FDA led the warning letter with a citation for failure of management to ensure that an effective quality system was in place, noting that this class of violations accounted for 15 hits on the inspectional form 483. Among these problems was a failure to conduct quality audits of an unnamed contract manufacturer.

The issue of contract manufacturing popped up again in a citation dealing with validation of design changes to straps used to fix the device in place in the wearer's mouth. Frantz is said to have directed the contractor not to use a component – the identity of which was redacted – in the manufacture of the straps because of complaints that the straps were prone to breakage. This citation dealt with a lack of procedures for validation of design changes, but the same problem with straps was cited subsequently as a failure to validate the related design change as well.

FDA also cited Frantz for lack of procedures to set out the responsibilities of both parties in contract manufacturing arrangements, but also stated that the company had no contract with its then-current outsourcing company. At press time, the company had not responded to calls for comment.

Off-label promo slammed in warning

The March 11 warning letter to Best Vascular (Springfield, Virginia) cited the company for an ad that appeared in the November 2008 edition of the American Journal of Cardiology for the firm's Beta-Cath system, which the agency states is approved for radiological brachytherapy to treat restenosis in arteries into which a bare-metal stent (BMS) has been placed. FDA states that the ad, which highlights an analysis of data compiled in the Rescue registry, constitutes marketing of the device for a new intended use, specifically treatment of restenosis in patients with drug-eluting stents (DES).

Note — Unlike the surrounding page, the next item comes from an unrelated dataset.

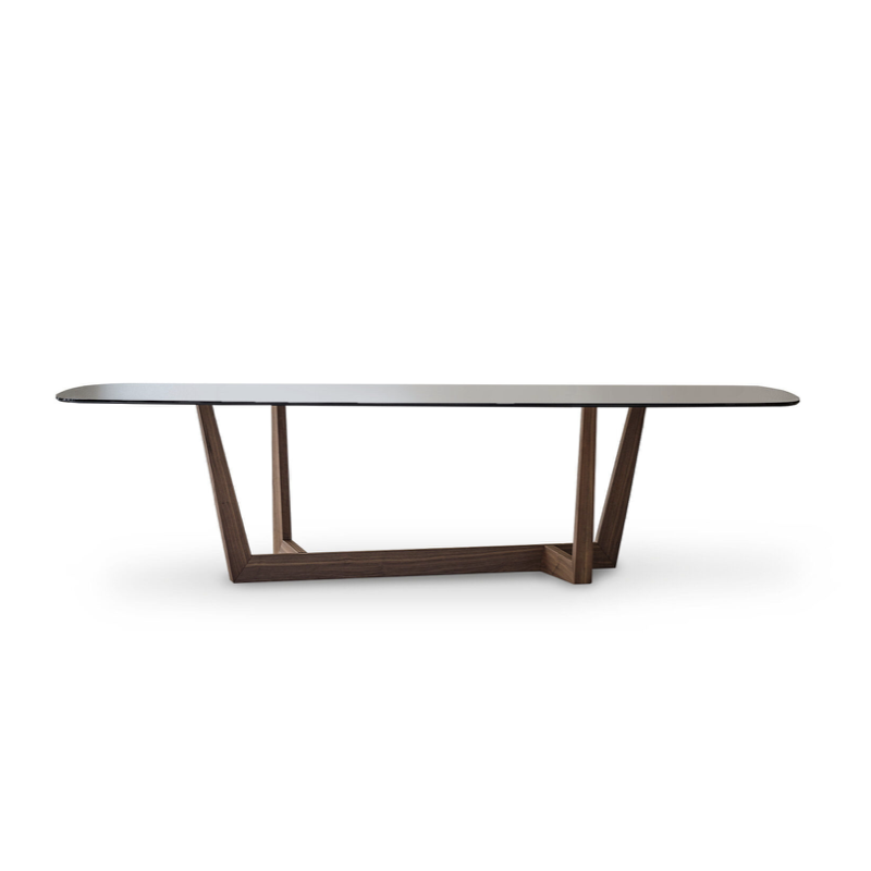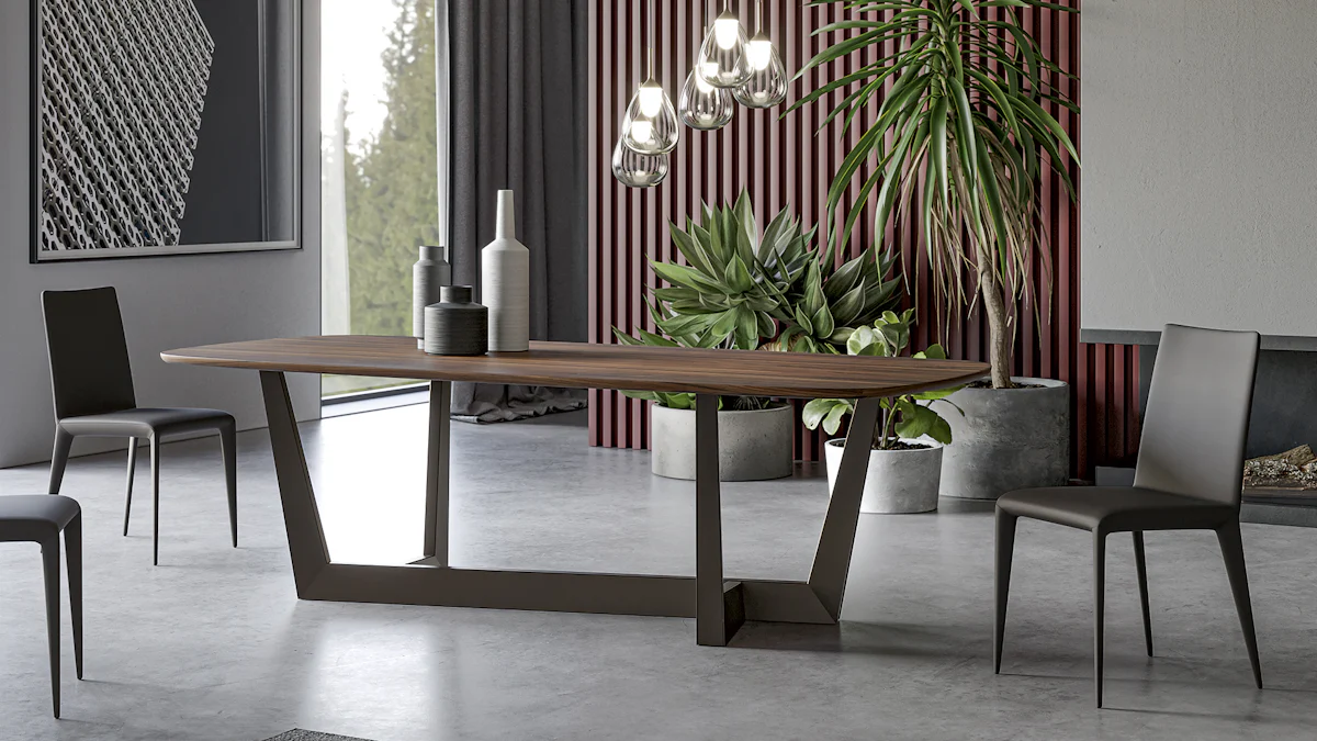 The base of the Art table is its most distinguishing feature: it is made of a metal trapezium that runs diagonally under the table top, allowing minimum obstruction and optimising the space. Overall, the load-bearing structure designed in this way stands out for its high levels of dynamism, solidity and sculptural impact. The top is firmly supported but the final effect is one of great lightness. The base of Art, a modern extendable table, is in painted metal of various colours; the table top in the fixed (rectangular, round or rectangular with rounded corners) or leaf version is available in different materials: this versatility makes it equally suitable for dining room or study. The Art table takes on new life in its version with a wooden base ("Art Wood").

The agency noted specifically that Best does not have an application on file that addresses the effect radiation might have on stent polymer and drug, and FDA voiced a similar concern as to how radiation might affect intimal tissue treated with anti-proliferative drugs. According to FDA, the offending passage in the ad describes the Beta-Cath as "adjunct therapy to PCI for patients presenting with [in-stent restenosis] of a DES" that is "safe and associated with low rates of recurrence" and major adverse cardiac events. The ad is also said to include the statement that brachytherapy for this condition "appears to be superior in efficacy in comparison to repeat" stent placement "and should be considered the therapy of choice for this difficult subset of patients."

At press time, the company had not responded to calls for comment.